On Mon, 6 Oct 2025 at 08:59, Tomas Vondra <tomas(at)vondra(dot)me> wrote:
> Hi,
>
> I wonder if it's time to consider updating the random_page_cost default
> value. There are multiple reasons to maybe do that.
>
> The GUC (and the 4.0 default) was introduced in ~2000 [1], so ~25 years
> ago. During that time the world went from rotational drives through
> multiple generations of flash / network-attached storage. I find it hard
> to believe those changes wouldn't affect random_page_cost.
>
> And indeed, it's common to advice to reduce the GUC closer to 1.0 on
> SSDs. I myself recommended doing that in the past, but over time I got
> somewhat skeptical about it. The advice is based on the "obvious" wisdom
> that SSDs are much better in handling random I/O than rotational disks.
>
> But this has two flaws. First, it assumes the current 4.0 default makes
> sense - maybe it doesn't and then it's useless as a "starting point".

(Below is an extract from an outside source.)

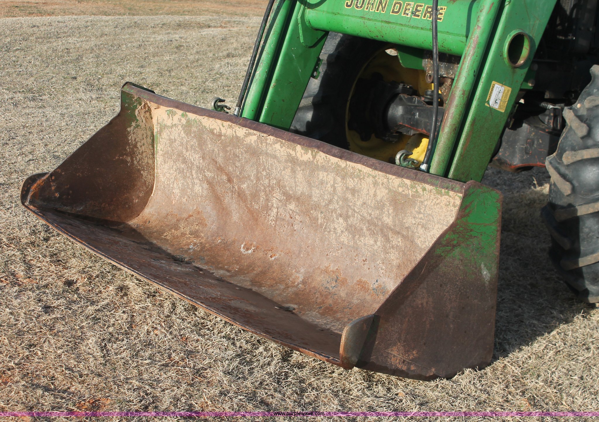 Purple Wave is selling a used Tractor in Oklahoma. This item is a 1992 John Deere 5200 MFWD tractor with the following: 3,708 hours on meter, John Deere 3029 ALV-01 2.9L three cylinder diesel engine, 45 HP, Serial CD3029D118897, Manual transmission, 9F-3R gears, ROPS bar, John Deere 540 loader, 72"W bucket, Serial W00540, 002410, Joystick controls, Three point, Draw bar, 540 PTO, (2) rear hydraulic remotes, 72"W blade, Angle adjust, 18 gallon fuel tank, 81" wheelbase, 11.2-24 front tires, 16.9-28 rear tires, 4,650 lbs. base operating weight, Four wheel drive disengaged, Missing front drive line, Rear oil leak between transmission and rear end, Serial LV5200C111791

> Second, it's not obvious how much better SSDs are without concurrent IOs
> (which is needed to fully leverage the SSDs). Which we don't do for
> index scans (yet), and even if we did, the cost model has no concept for
> such concurrency.
>
> Recently, I've been doing some experiments evaluating how often we pick
> an optimal scan for simple select queries, assuming accurate estimates.
> Turns out we pick the wrong plan fairly often, even with almost perfect
> estimates. I somewhat expected that, with the default random_page_cost
> value. What did surprise me was that to improve the plans, I had to
> *increase* the value, even on really new/fast SSDs ...
>
> I started looking at how we calculated the 4.0 default back in 2000.
> Unfortunately, there's a lot of info, as Tom pointed out in 2024 [2].
> But he outlined how the experiment worked:
>
> - generate large table (much bigger than RAM)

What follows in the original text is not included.